“Stop it, you damned greaser!” he yelled, “or I’ll let daylight through your head.” In quick succession he put two holes through the Mexican’s sombrero. “The next one is for your other eye!” he called, and Melgares dropped his weapon.
Wilder leaped to the ground and ran toward him. He glanced at the group of horsemen, each with revolver drawn, and at Wilder coming with his gun at cock, then threw back his head with his own pistol at his temple. Little Jack grabbed his arm, but Melgares fought desperately. The others came running to Wilder’s assistance, and it was not until they had taken his revolver, put handcuffs upon him, and taken from his clothing another pistol, a knife, and a belt full of cartridges, that he gave up his struggles.

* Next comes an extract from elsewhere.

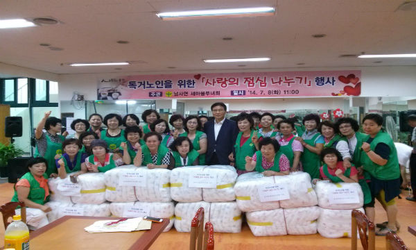 또 거동이 불편한 10여명의 독거노인 가구에는 직접 찾아가, 삼계탕과 여름 이불 1채씩을 전하고 쾌적하고 건강한 여름을 보내시길 기원 드렸다. 남사면 새마을부녀회는 지난 4월 11일, 사랑의 일일찻집을 열고 관내 기관, 기업체, 주민들의 적극적인 동참으로 이웃돕기 기금을 조성, 이번 사랑의 점심 나누기 행사를 추진했다.
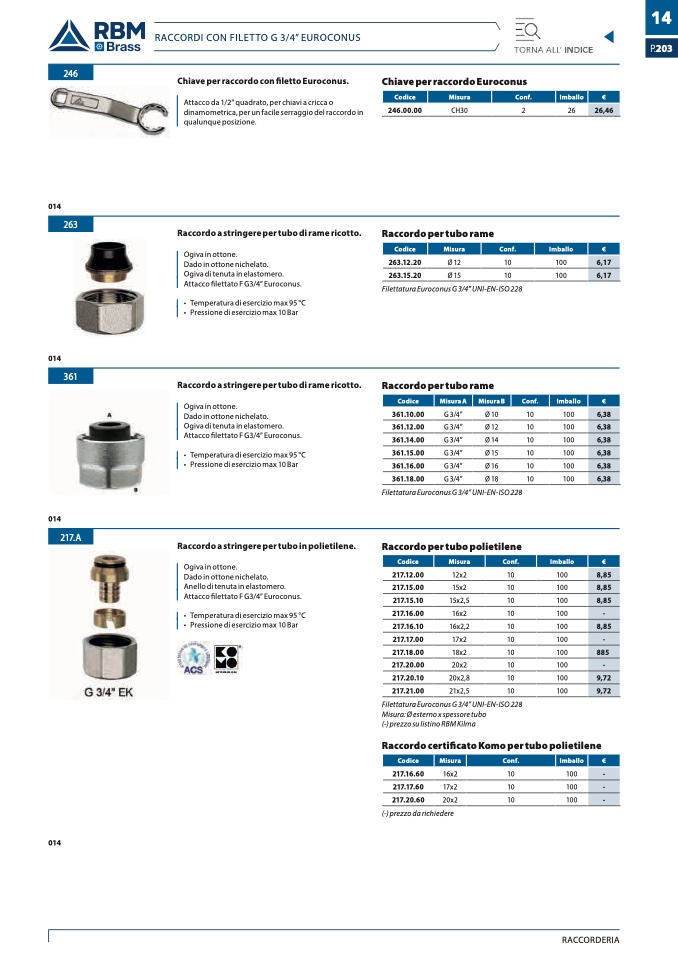 RACCORDI CON FILETTO G 3/4” EUROCONUS

They put him on the horse that Conrad had ridden, with his feet tied under its belly. Tillinghurst and Wilder, revolvers in hand, rode on either side of him. Conrad, mounted on his own mare, and another were side by side with Jack Gaines laid across their laps. Two more went on at a gallop to bring out a doctor and a carriage for the wounded man. The rest rode slowly back through the hot sunlight and the high wind, guarding their captive and carrying his victim.
CHAPTER VII
TALK OF MANY THINGS
Golden prided itself upon being “the most American town in the Territory,” but for all its energy and progressiveness it had not developed an ordinary regard for its own safety. After the mines which had given it birth had been worked out, it became the depot of supplies for the widespread miles of cattle country in the plains below, the mining regions in the mountains above, and the ranches scattered along the streams within a radius of fifty miles. As its importance increased a railway sought it out, the honor of being the county seat came to it, and the ruthless Anglo-Saxon arrived in such numbers and so energetically that its few contented and improvident Mexicans, thrust to one side, sank into hopeless nonentity. When Lucy Bancroft first set upon it the pleased eyes of youthful interest and filial affection, it was a busy, prosperous place of several thousand souls.
But it still clung to the gulch wherein had been the beginning of its life and fortune. All the houses of its infancy had been built along the stream that sparkled down from the mountains, and there the town had tried to stay, regardless of the floods that occasionally swept down the canyon during the Summer rains. At first its growth had been up and down the creek; afterward cross streets had been extended far out on either side, especially where gradual hill slopes gave easy grades, and roads had also been made lengthwise along the hillsides and even on their crests, where now a goodly number of homes looked out over the plains and down upon the town-filled valley at their feet.